Dealing with the schedule. If she doesn't have the job yet, then ignore her request to discuss it. Second, if her new schedule doesn't work with yours and you'll already have a custody agreement in place, I would just rely on that.
What happened with your daughter, next time if you see that, calmly walk up to your WW and say, "this is neither the time or place for this". Take your daughter walk her to the car, and tell them, "I will be right back". Then, discipline your WW, something to the effect of, "I understand what our daughter said was hurtful, but you are her parent and an adult, under no instances should you treat her that way". And walk away, your job is not to comfort her no more. She has made her decisions, it's time for her to live with them.
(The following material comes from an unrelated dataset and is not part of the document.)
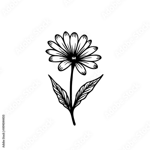 Elegant minimalist botanical drawing of a daisy flower with stem and leaves

Your actions in this moment is important. First, it shows your daughter, that you will protect and you love her, no matter what (girls need to see their father protect them). Second, it shows your WW, that you will protect your kids, and you are not going to just allow her to act any way she wants.
Lastly, Don't be yourself up. Your were taking care of your family (what a man is suppose to do). Your WW took you for granted. It's her lost and your need to start acting like it. You don't have to pick her back up every time she falls (She's humpy dumpty and she's on her wall, stop waiting for her too fall). She has fired you from that job. If you got fired from a job, would you go back trying to ensure that job was still being taken care of, or would you look for another job and then start focusing on your new job. I bet you would start focusing on your new job. That new job you need to focus on now is, YOU and your kids! You are special and worth more than the universe can spend.
You will have down days, you will faulter, but just remember to get back up. Healing is=giving up the ability to change the past. You can't change the past so stop trying!!!
Onward and forward.
Joejoe
M:37 W:37 T:11 M:10 S17, S13, S10, S4 BD:06/28/17 OM confirmed 07/20/17 Recon the M 10/29/17 Working hard:2gether
Onward and forward
This process is not a sprint it's a marathon! Patience, Patience, Patience.